Treatment of subjects with morbid obesity (Body Mass Index (BMI) > 40 kg/m2
or > 35 kg/m2
with obesity-related complications) often fails. This study explored the biopsychosocial predictors of dropout and weight loss during a combined behavioural and surgical weight-reduction program. Behavioural treatment for six months was followed by bariatric surgery and a visit six months after surgery. The success criterion was the loss of ≥50% of excess BMI above 25 kg/m2
(%EBMIL). Thirty-one men and 113 women with BMI 43.5 kg/m2
(SD 4.3) and 41.8 kg/m2
(SD 3.6), respectively, were included; 115 underwent bariatric surgery (Gastric sleeve: 23; Roux-en-Y gastric bypass: 92), and 98 had a follow-up visit six months after surgery. The mean %EBMIL at follow-up was 71.2% (SD 18.5). Treatment success was achieved in 86 subjects.
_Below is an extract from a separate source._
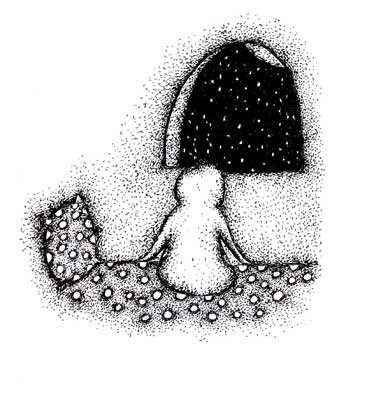 陳廣頤的黑白畫(huà)作,獨(dú)樹(shù)一幟,意境無(wú)窮,構(gòu)思奇巧,深邃深刻。最富有趣味的是她創(chuàng)造的書(shū)中小伊砣人物造型,堪稱一絕,一襲小袍子將全身包裹至嚴(yán),不設(shè)五官,但小人物神態(tài)、心態(tài)、情態(tài)和體態(tài)傳達(dá)得極其富有神韻,極其生動(dòng)鮮活,流淌著作者無(wú)盡的浪漫和憂愁的詩(shī)意,甚至每一個(gè)轉(zhuǎn)過(guò)身去的小背影都讓人心生愛(ài)憐和留下無(wú)盡回味想象。就是這個(gè)經(jīng)典而可愛(ài)的小人物形象緊緊牽動(dòng)著讀者的心,讓讀者和書(shū)中的小人物共同悲喜。雖掩藏包裹至深,但一個(gè)可愛(ài)浪漫、孤寂苦悶、追夢(mèng)奮斗的留學(xué)海外的小人物跳躍在紙上,讓人愛(ài)不釋手。

Assuming success in 17 subjects who did not attend the follow-up visit (best possible outcome), 103 out of 144 subjects (72%) achieved successful weight reduction. Cohabitation was the only predictor of accomplishing surgery. Neither weight loss during behavioural therapy nor biopsychosocial factors were found to be clinically significant predictors of weight loss after surgery. The success rate of less than three in four subjects was unsatisfactory. There is a need to improve the regimen and to determine effective alternative interventions.